Achromobacter spanius strain 6 is a Gram-negative soil bacterium isolated from a hydrocarbon-degrading microcosm. The draft genome sequence of A. spanius strain 6 is 6.57 Mb with a G+C content of 64.7% and 5,855 protein coding genes.
ABSTRACT
Achromobacter spanius strain 6 is a Gram-negative soil bacterium isolated from a hydrocarbon-degrading microcosm. The draft genome sequence of A. spanius strain 6 is 6.57 Mb with a G+C content of 64.7% and 5,855 protein coding genes. Multiple genes involved in degradation of aromatics are present in this strain.
ANNOUNCEMENT
Achromobacter spanius strain 6 was isolated as a predominant member of the hydrocarbon-degrading bacterial community in a desert soil sample obtained from under a fuel bladder in Kuwait (1). Achromobacter spp. have been shown to grow using aromatic compounds (2). The desert soil sample was initially enriched in jet fuel, and the starter enrichment was subjected to 5 successive enrichments with jet fuel. From the fifth enrichment, a pure Achromobacter spanius colony was isolated on Trypticase soy agar (TSA). The prevalence of A. spanius strain 6 in the jet fuel enrichments prompted us to sequence its genome to obtain a better understanding of the metabolic and adaptive pathways in this bacterium. Previously, the whole-genome sequence of P. aeruginosa ATCC 33988 (3) helped researchers to understand the hydrocarbon degradation pathways and fuel-adaptive mechanisms in this bacterium (4–6).
High-quality genomic DNA was isolated from an overnight-grown monoculture of A. spanius strain 6 in lysogeny broth (LB) using the UltraClean Microbial DNA isolation kit, (Mo Bio Laboratories, Carlsbad, CA) and was subjected to DNA library preparation using the SMARTer Apollo library prep system (TaKaRa Bio, Mountain View, CA). The ligated and indexed pre-PCR library was enriched by performing 5 cycles of PCR using the NEBNext high-fidelity 2× PCR master mix. The amplified library was purified for quality control (QC) analysis and sequencing using the Apollo PCR cleanup script and AMPure XP beads (Beckman Coulter, Brea, CA). The purified library was then sequenced using an Illumina HiSeq 1000 sequencer, producing 33,278,050 paired-end reads with a read length of 100 bp. The raw sequence reads were trimmed using Trimmomatic version 0.36 (7) with the following settings: LEADING, threshold quality of 5; TRAILING, threshold quality of 5; SLIDINGWINDOW, average quality of 15 across 4 bp; AVGQUAL, average read quality of 15; and MINLEN, minimum length of 50 bp. The trimmed reads were de novo assembled using SPAdes version 3.11.0 (8) with the settings "careful" and "only-assembler." The draft genome assembly comprises 57 scaffolds with an L50 value of 6 bp and an N50 value of 425,841 bp. The genome size of A. spanius strain 6 is 6.57 Mb with a G+C content of 64.7% and 5,855 protein coding genes.

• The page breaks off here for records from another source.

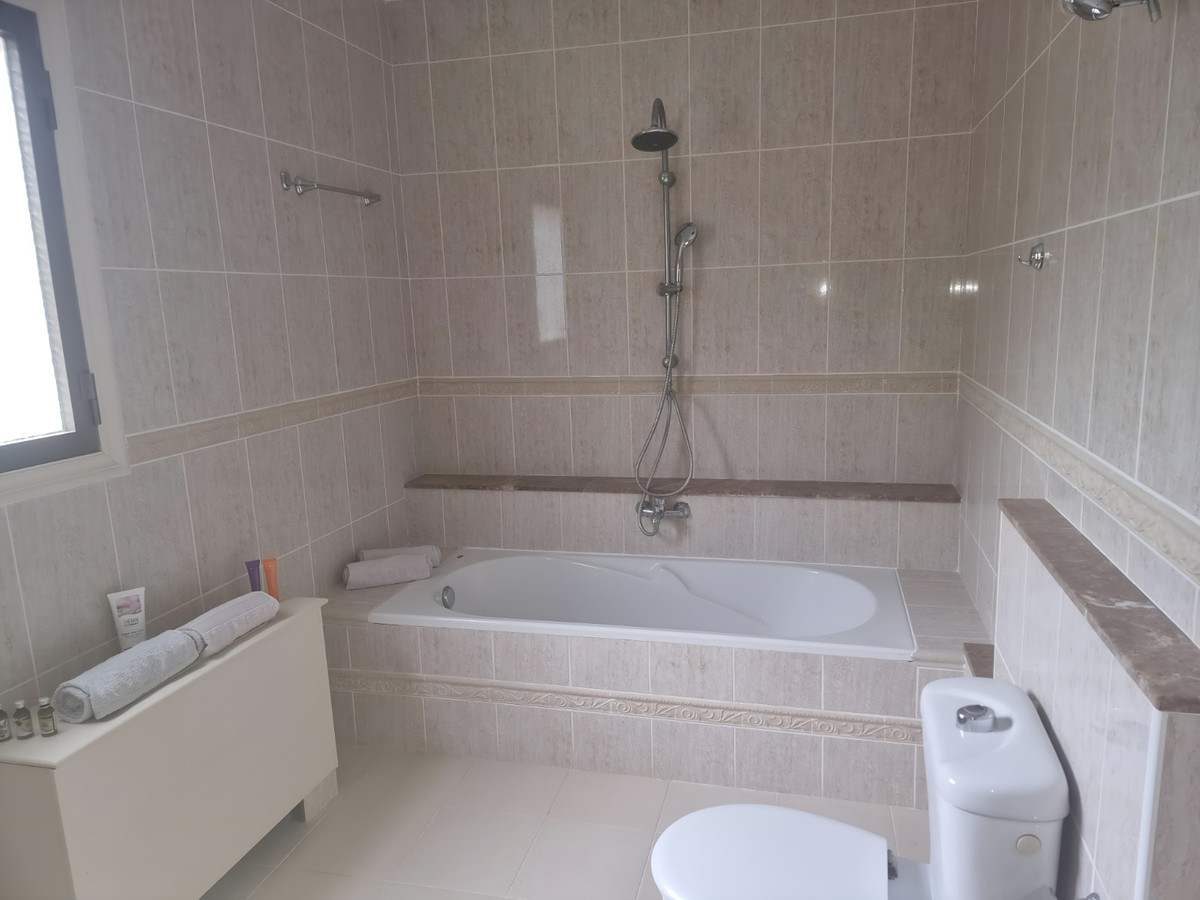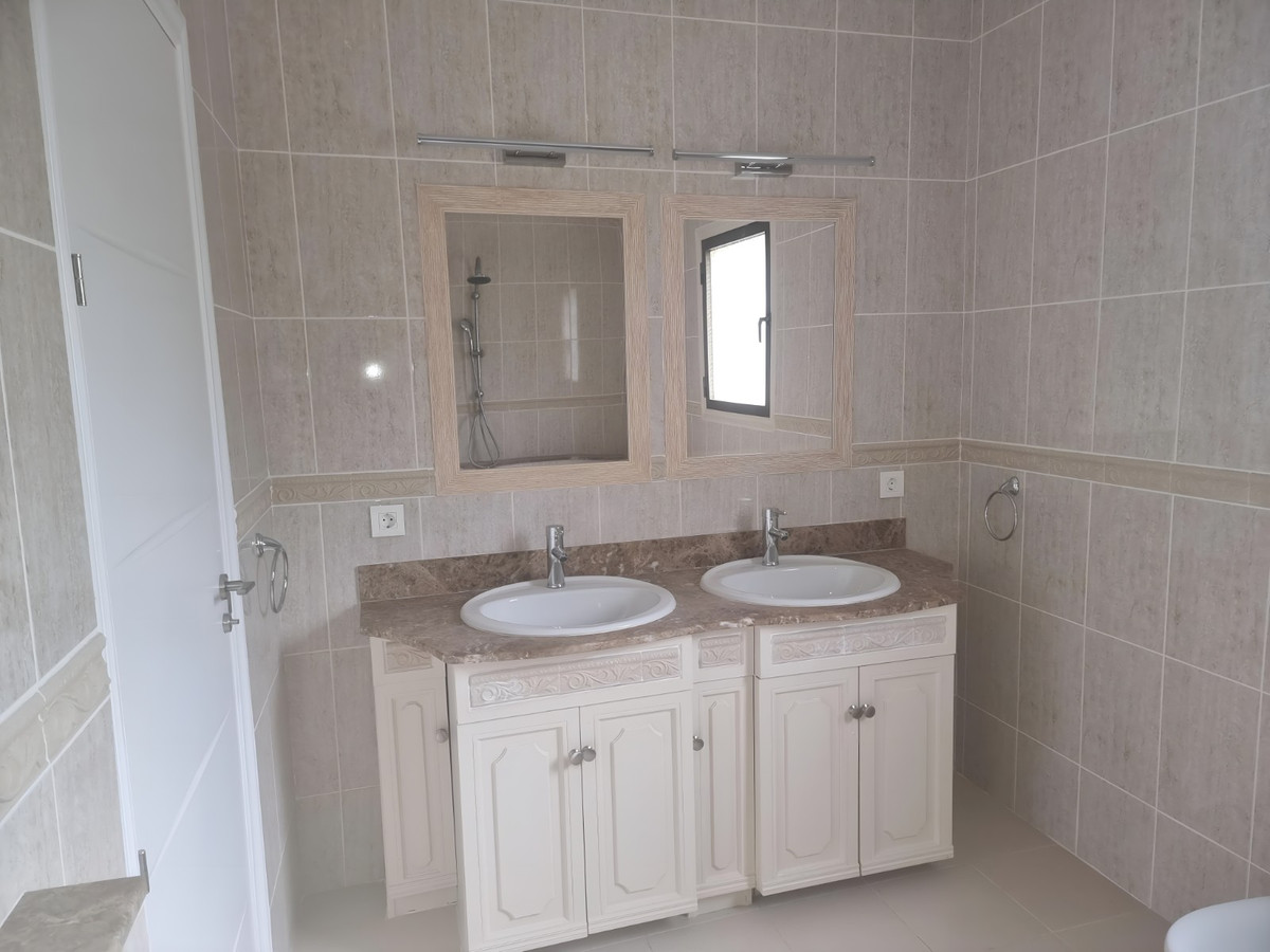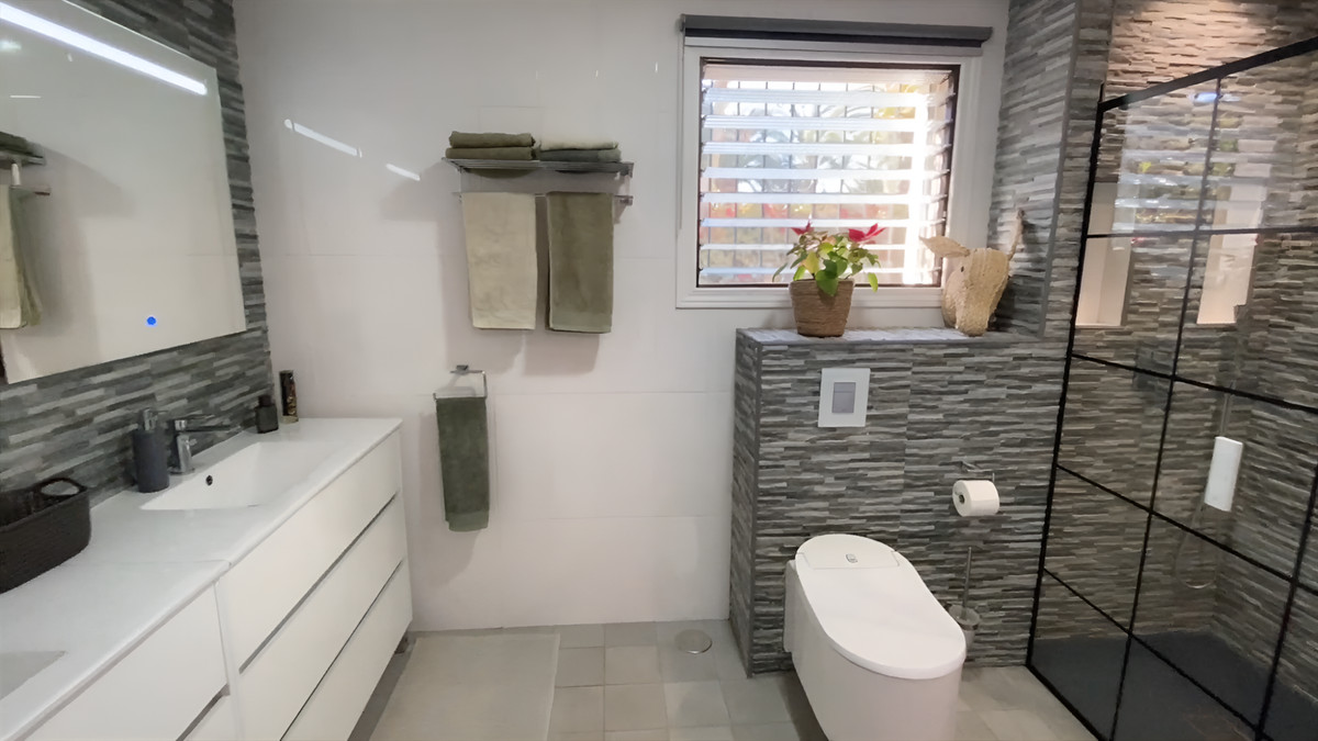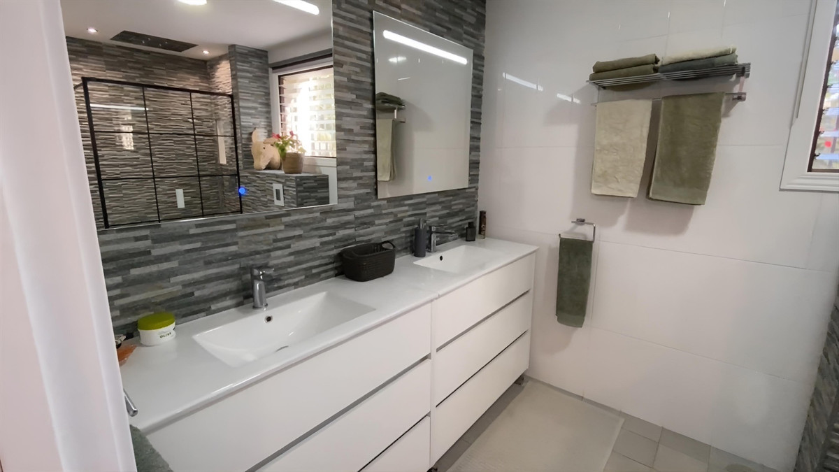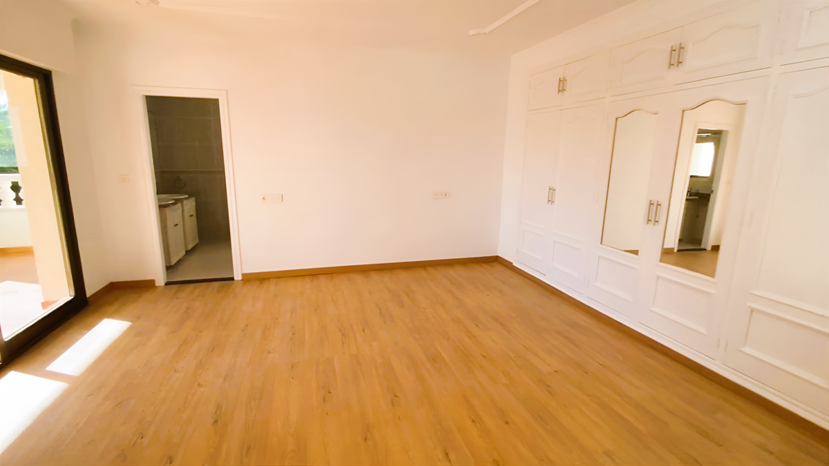 The villa is distributed over two independent floors , both boasting luxurious living rooms , designer kitchens , and a total of six double bedrooms with built-in wardrobes . In addition, it has four full bathrooms , two of them en suite , and a guest toilet . We cannot forget the surprise hidden on the third floor: a majestic room of almost 30 square meters with its own patio .\n
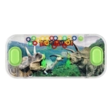 Ce jeu d’eau de poche très apprécié, à motif dinosaures, est le compagnon idéal en voiture, en vacances ou pour les moments libres à la maison. En appuyant sur deux boutons latéraux, vous mettez les anneaux en mouvement dans l’eau et essayez de les enfiler sur les chevilles. Un principe simple et un motif attrayant garantissent un divertissement sans écran.
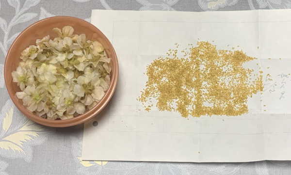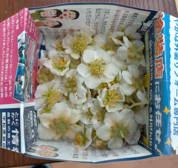 プロの果樹園の方は、葯を乾燥させ砕いて中の花粉のみ取り出すようですが、素人の私にはそのようなことが出来ないので、葯を半日~1日部屋で自然乾燥させてそのまま紙に包み冷凍保存します。
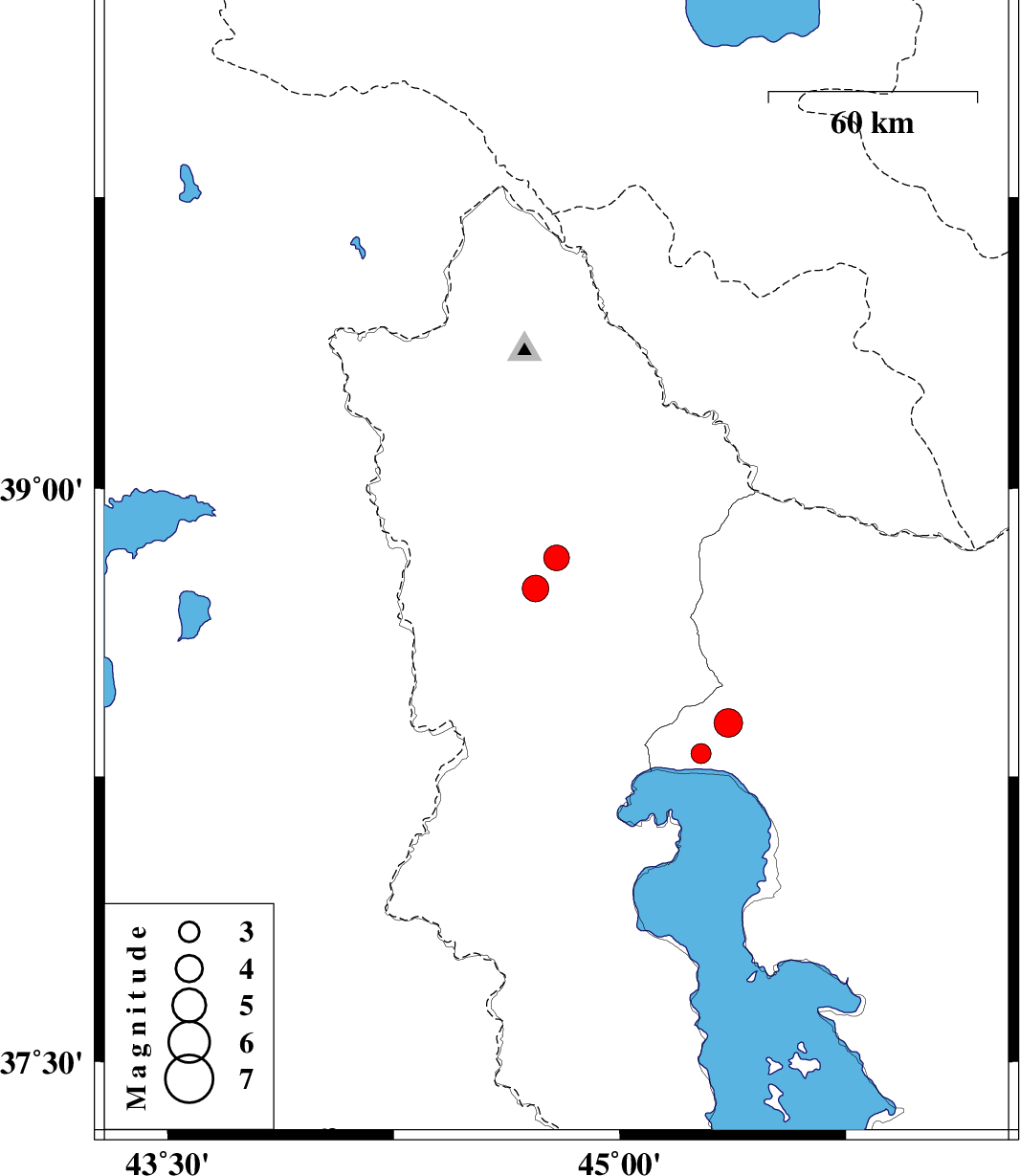| 2013/06/28 | 05:13:08.4 | 09:43:08.4 | 38.39 | 45.36 | 14 | ML4.2 | Azarbaijan Sharghi Province, 36 km West of Marand | ||
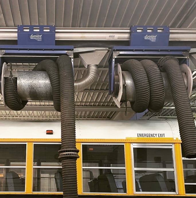 JohnDow's EuroVent Vehicle Exhaust Extraction System eliminates harmful vehicle exhaust fumes from interior bus repair facilities.
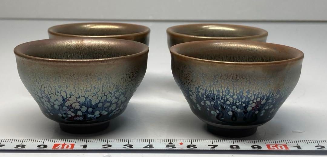 佐々木禅 底に禅銘 窯変天目 ぐい呑 盃4客 タカサ東金6 0307 2 F
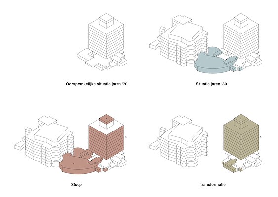 Ook het hogere deel van het gebouw behoudt zijn karakter. De karakteristieke dragende betonnen verticale delen blijven behouden. De horizontale gevel daarachter wordt vervangen door een gevel die in uitstraling de oude zoveel mogelijk benadert, maar wel voldoet aan de daglicht- en isolatie eisen van nu.
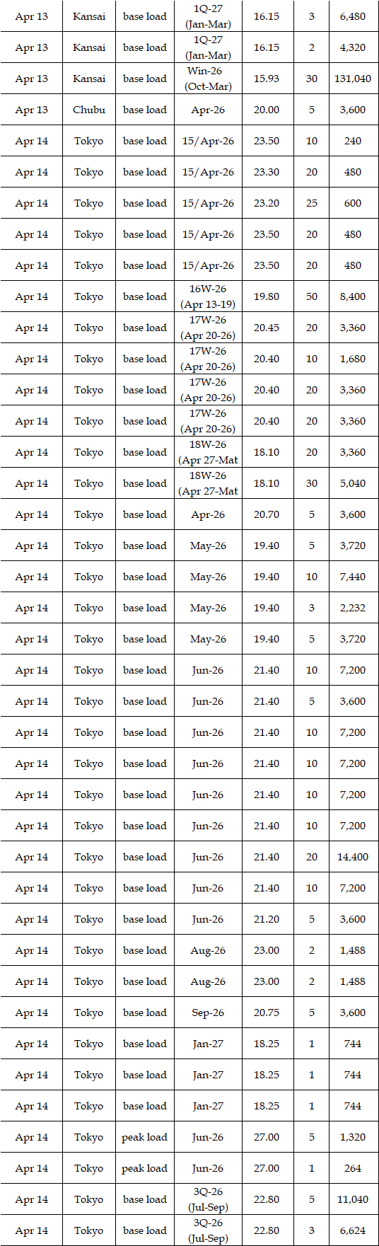 Deals reported on EEX (European Energy Exchange) during Apr 13-17 were as below.
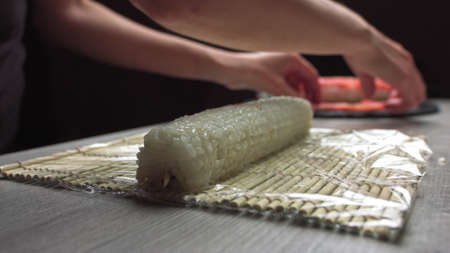 Cropped anonymous cook hands with rolling fresh sushi with bamboo mat while working in authentic Japanese restaurant,Close-up of chef's hands rolling a sushi roll on bamboo mat.Sushi making process.Rice, nori, avocado, crab, red tobiko caviar.Rolls the sushi roll.
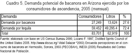 En Arizona radican 123,859 individuos arraigados a la cultura sonorense. De los 131,814 sonorenses o descendientes de sonorenses radicados en Arizona que consumen bebidas alcohólicas, 48% (59,452 individuos) consumen tequila. Si éstos mantienen el consumo promedio de sus paisanos sonorense de 0.6% litros mensuales, tendremos una demanda de 35,671 litros de mensuales de tequila, monto que representaría a su vez la demanda potencial de bacanora (cuadro 4).
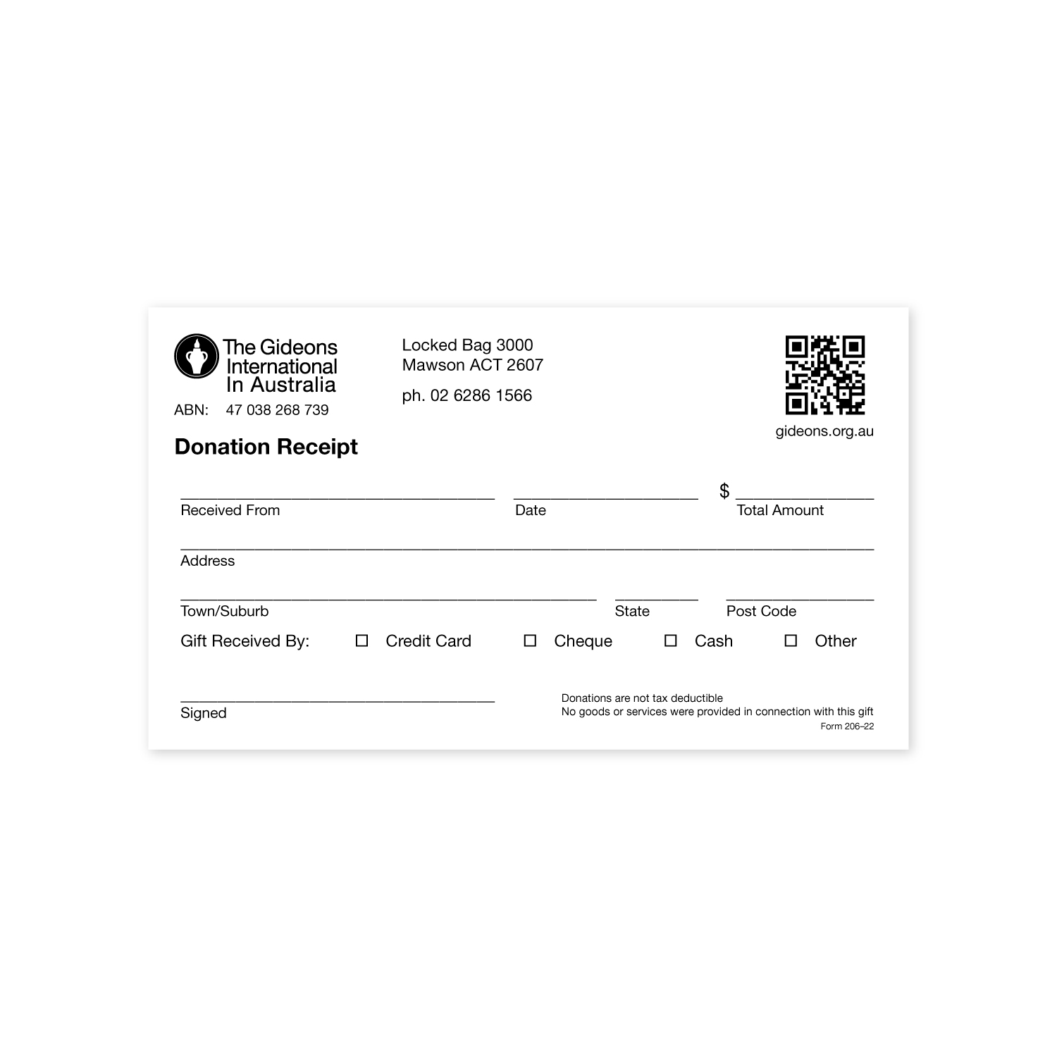 Pad of 25 receipts (with carbon copies) used by the camp treasurer at camp meetings or a church presenter at church presentations to acknowledge large gifts and donations.
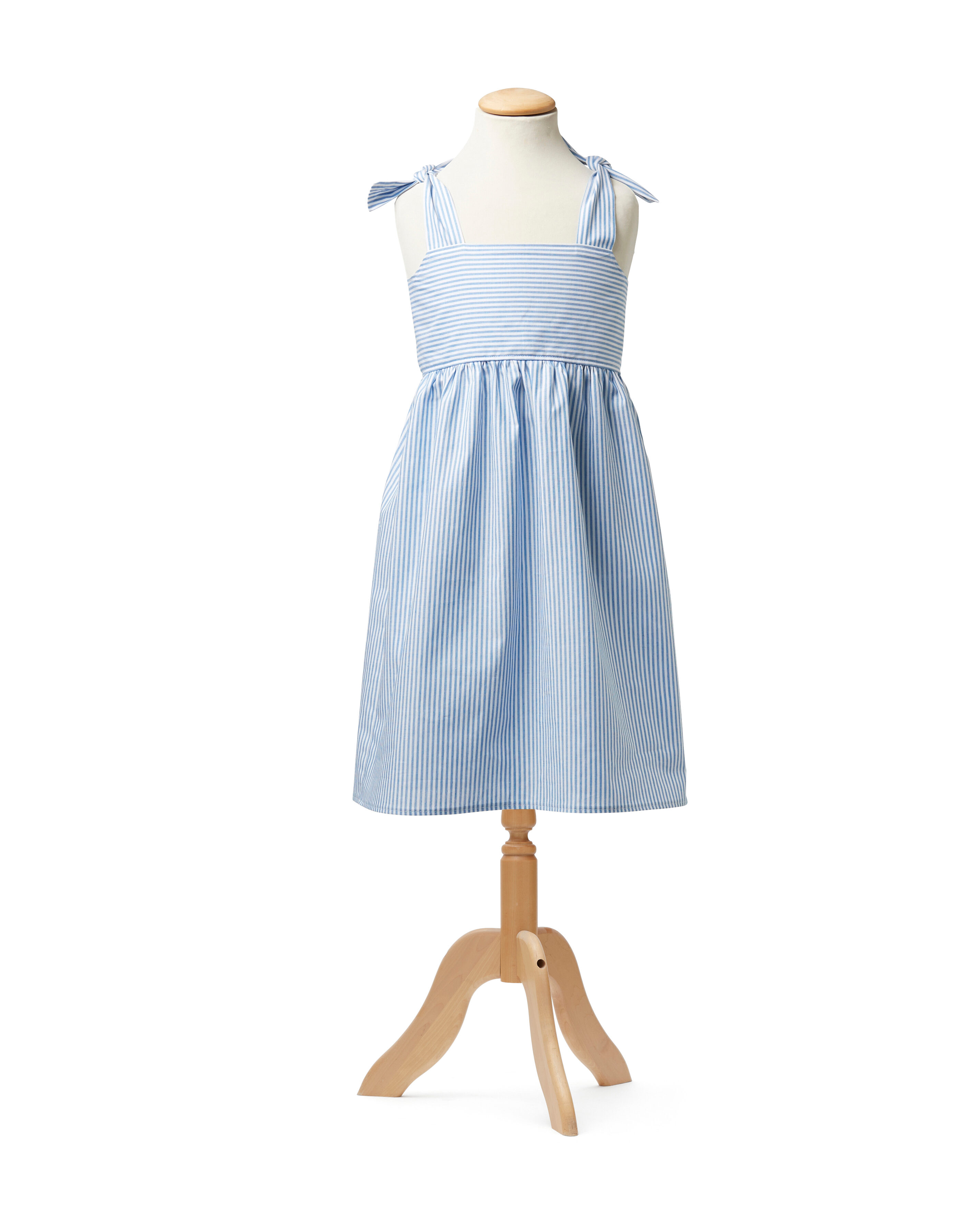 En justerbar förklädesklänning som passar barn mellan 3-6 år. Inspirerad av hur flickor klädde sig i slutet av 1800-talet. Förklädet är av 100% bomull och har justerbara axelband och justerbar i ryggen med knappar. Den passar perfekt när du inte vill smutsa ner dina kläder eller ha lite roligt i köket. Om du vill bära den i Carl Larsson-stil kan du matcha den med en enkel a-linjeformad klänning.

Genome annotation was performed using the Prokaryotic Genome Annotation Pipeline (PGAP; https://www.ncbi.nlm.nih.gov/genome/annotation_prok/), and metabolic networks were constructed with Rapid Annotations using Subsystem Technology (RAST) (9). RAST predicted 195, 511, and 211 proteins related to stress response, membrane transport, and metabolism of aromatic compounds, respectively. The 16S rRNA gene sequence of A. spanius strain 6 shares 100% homology with the16S rRNA gene of A. spanius strain DSM 23806. However, the 23S rRNA gene of strain 6 presents four mismatches and a similarity of only 99% with strain DS23806, indicating that A. spanius strain 6 is a different strain. Previous studies have shown that stress response and solvent resistance mechanisms play central roles in the adaptation of bacteria to hydrocarbon fuel (4, 5). The presence of genes related to hydrocarbon degradation, including those involved in catabolism of aromatic compounds, stress response, and membrane transport in the genome of A. spanius strain 6, may explain why this strain is well adapted to jet fuel. The NCBI Prokaryotic Genome Annotation Pipeline predicted multiple genes responsible for aromatic degradation, including naphthalene 1,2-dioxygenase, gentisate 1,2-dioxygenase, catechol 1,2-dioxygenase, and protocatechuate 3,4-dioxygenase. Understanding microbial interactions and bacterial community structure in environments contaminated with hydrocarbons is essential when developing bioremediation strategies (10). The genome sequence of A. spanius strain 6 will help us understand the genetic mechanisms utilized by this organism to thrive in hydrocarbon-rich environments.
Data availability.
This whole-genome shotgun project has been deposited at DDBJ/ENA/GenBank under the accession number PREU00000000. Raw sequences were deposited in the NCBI SRA database under accession number SRP158285.
ACKNOWLEDGMENTS
This material is based on research sponsored by AFRL/RQTF under agreement FA8650-16-2-2605. The U.S. government is authorized to reproduce and distribute reprints for governmental purposes notwithstanding any copyright notation thereon. The views and conclusions contained herein are those of the authors and should not be interpreted as necessarily representing the official policies or endorsements, either expressed or implied, of the AFRL/RQTF or the U.S. government.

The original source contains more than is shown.